Below are the records; return every line from the one that contains "Small-cap and emerging-market" to the last, exactly, skipping the pictures.
____
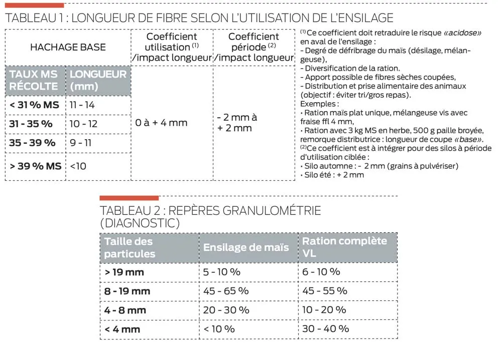 Côté nutrition, si la clé d’entrée est le taux de matière sèche – avec un objectif à 31 – 35 % MS pour un ensilage de qualité –, il est recommandé de partir d’une longueur repère (hachage base) à laquelle on affecte deux coefficients (Cf. tableau 1). Le premier correctif retraduit en quelque sorte le risque « acidose » en aval de l’ensilage. De 0 à + 4 mm, les facteurs à prendre en compte concernent le dessilage, le mode de distribution et le rationnement…
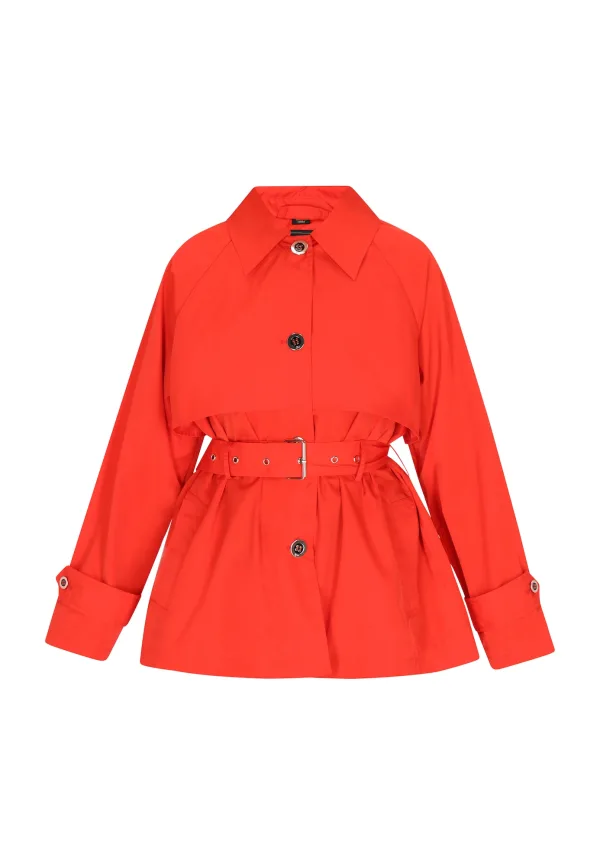 Type mantel: Trenchcoat; Design: Knop placket, Turn-down kraag, Zakken aan de zijkant, Tailleriem; Type sluiting: Knoopsluiting; Voering: Licht gevoerd; Motief: Effen; Extra's: Op staal naden, Gladde stof, Riemlussen; Pasvorm: Normale pasvorm; Lengte: Korte pasvorm
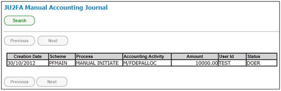 From the JU2BK Manual Accounting Journal screen, highlight the required transaction in a DOER status and select Authorise/Edit Accounting Journal from the sub-menu on the left.
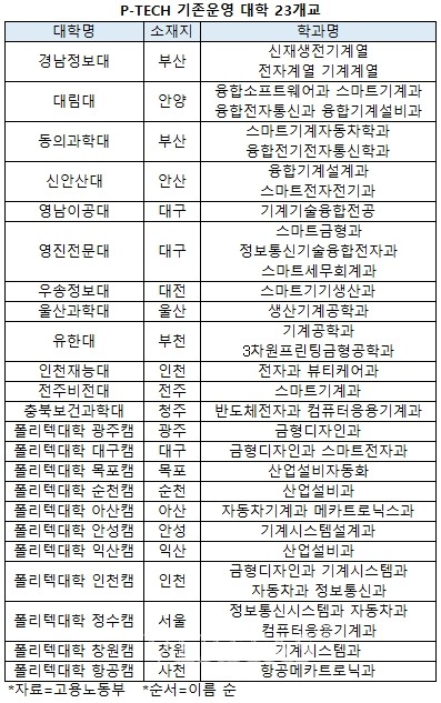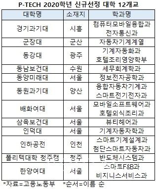 올해 선정결과에서는 전문대학의 비율이 높았다. 기존 운영하던 23개교 중 전문대학이 12개교, 폴리텍대학이 11개교로 비슷한 수준이었지만, 2020년 선정대학에는 12개교 중 11개교가 전문대학으로 압도적으로 많았다. 기존 운영 중인 전문대학은 경남정보대 대림대 동의과학대 신안산대 영남이공대 영진전문대 우송정보대 울산과학대 유한대 인천재능대 전주비전대 충북보건과학대 12개교다. 폴리텍대학의 경우 캠퍼스별로 선정이 이뤄져, P-TECH운영 중인 캠퍼스는 광주 대구 목포 순천 아산 안성 익산 인천 정수 창원 항공캠퍼스다.
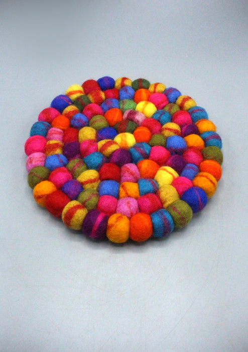 Multi Color Felt Balls With Stripes Tea Coaster
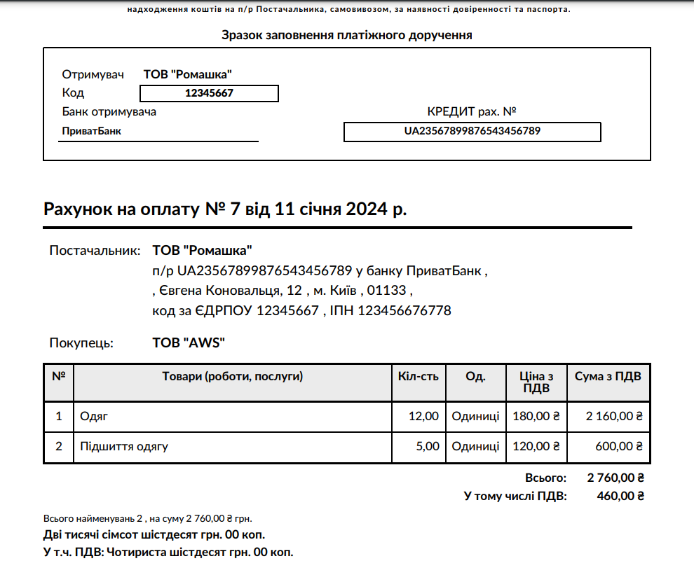 We enter all data, goods, and services, and then click the "Confirm" button.
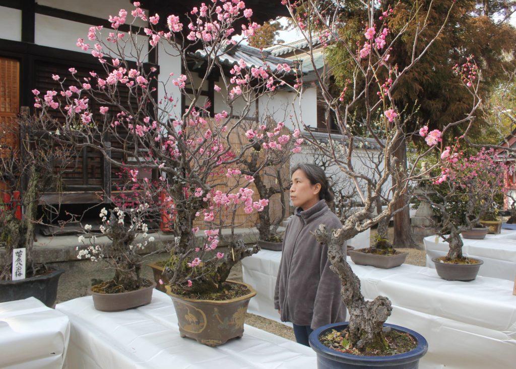 盆梅が見頃、かぐわしく 奈良市の菅原天満宮
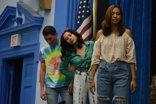 - News photo — Griffin Kelly From left, John Swinyer, Marina Gonzales and Sandra Harper rehearse for the murder mystery play “Meddling Kids” at the Lake Placid Middle-High School Sept. 19.
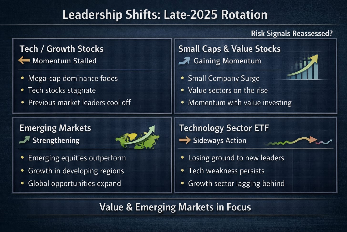 Small-cap and emerging-market strength has historically aligned with risk-on environments, reinforcing signals used by tactical strategies.
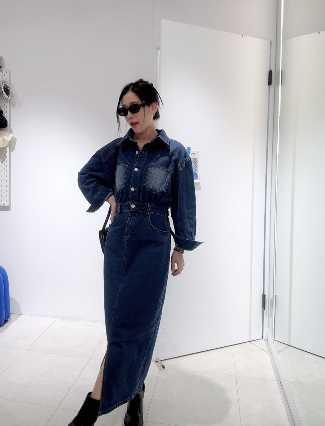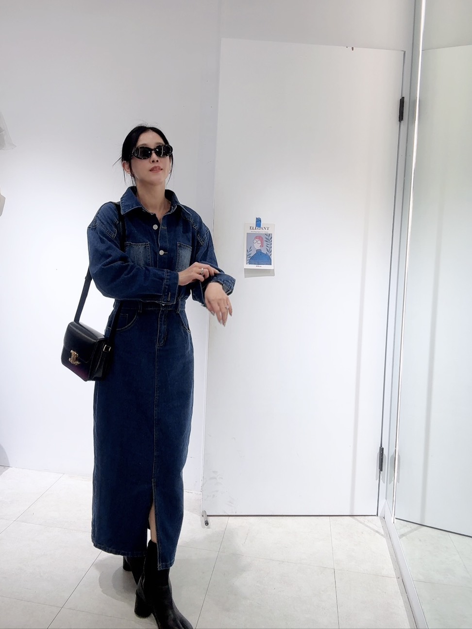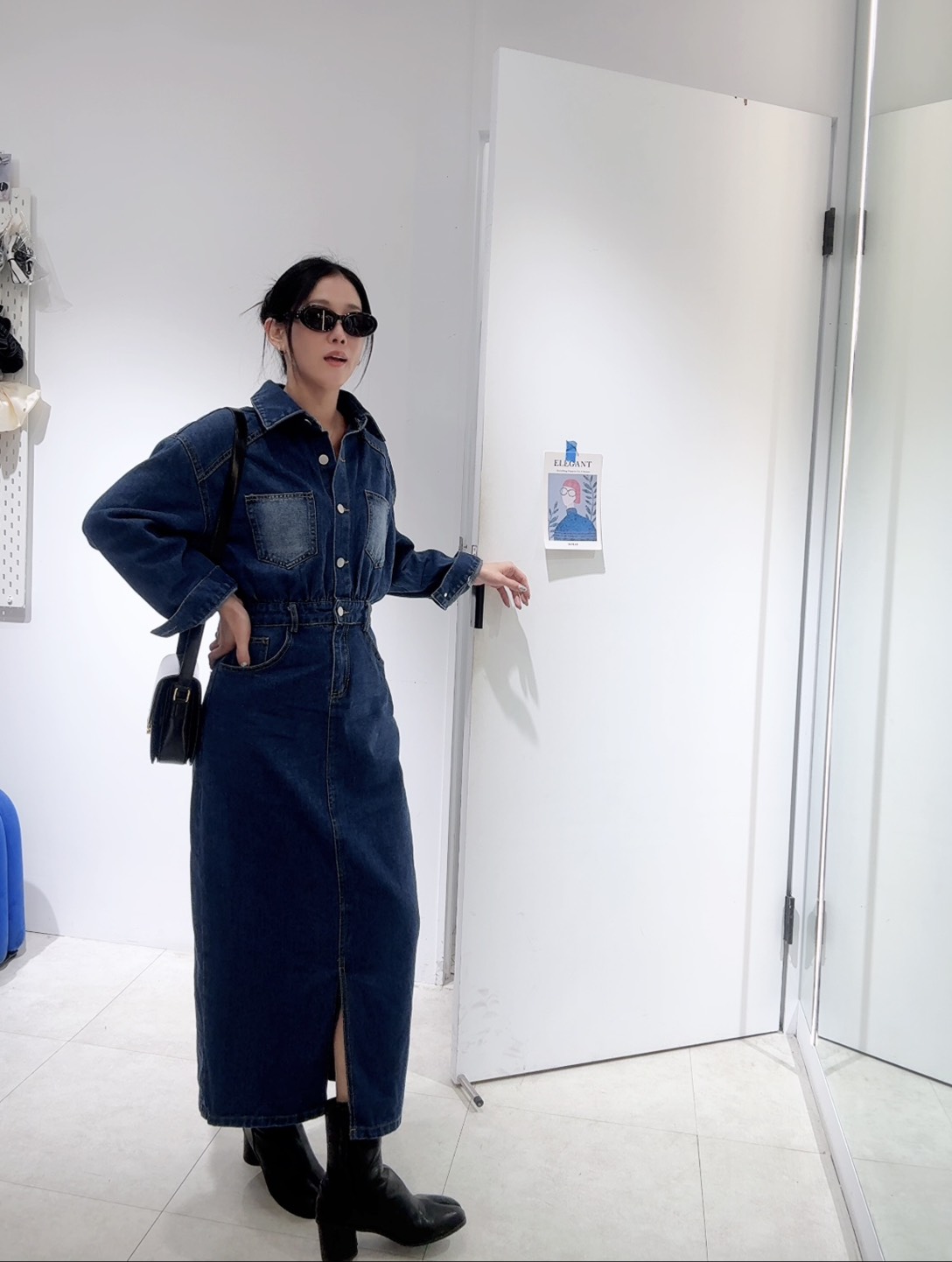 能拉高腰線,中和了牛仔布料的厚重感,展現出身材比例
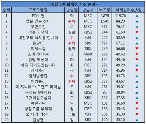 2위인 MBC 수목극 '밤을 걷는 선비'의 화제성지수 84.20보다 35포인트 이상 높게 나타났다.
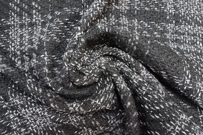 A Beautifully Heavy Woven Tweed Boucle Check in Black and Grey Tones
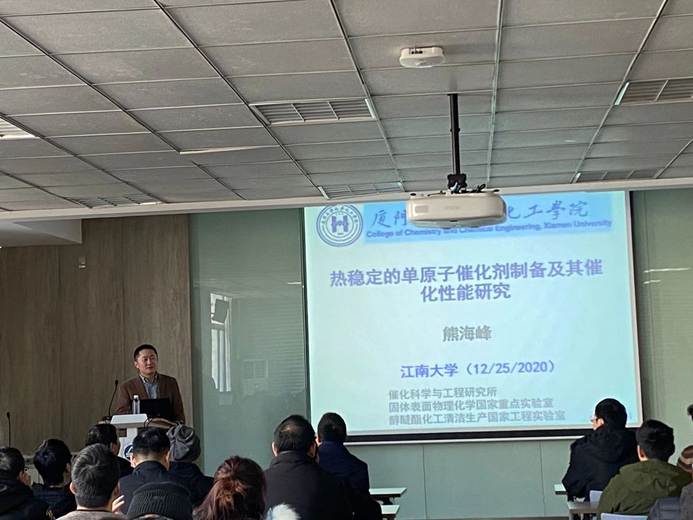 2020年12月25日上午,厦门大学熊海峰教授应邀来黄漫 访问,并在 黄漫 A316报告厅做了题为“热稳定的单原子催化剂制备及其催化性能研究”的学术报告。本次报告会由娄阳教授主持,众多老师和学生参加了此次报告会。报告现场师生就“单原子的发展历史、设计理念、合成与稳定方法”等话题进行了热烈的讨论和交流。
____
* EXERCISE SOLUTION *
 Small-cap and emerging-market strength has historically aligned with risk-on environments, reinforcing signals used by tactical strategies.
 能拉高腰線,中和了牛仔布料的厚重感,展現出身材比例
 2위인 MBC 수목극 '밤을 걷는 선비'의 화제성지수 84.20보다 35포인트 이상 높게 나타났다.
 A Beautifully Heavy Woven Tweed Boucle Check in Black and Grey Tones
 2020年12月25日上午,厦门大学熊海峰教授应邀来黄漫 访问,并在 黄漫 A316报告厅做了题为“热稳定的单原子催化剂制备及其催化性能研究”的学术报告。本次报告会由娄阳教授主持,众多老师和学生参加了此次报告会。报告现场师生就“单原子的发展历史、设计理念、合成与稳定方法”等话题进行了热烈的讨论和交流。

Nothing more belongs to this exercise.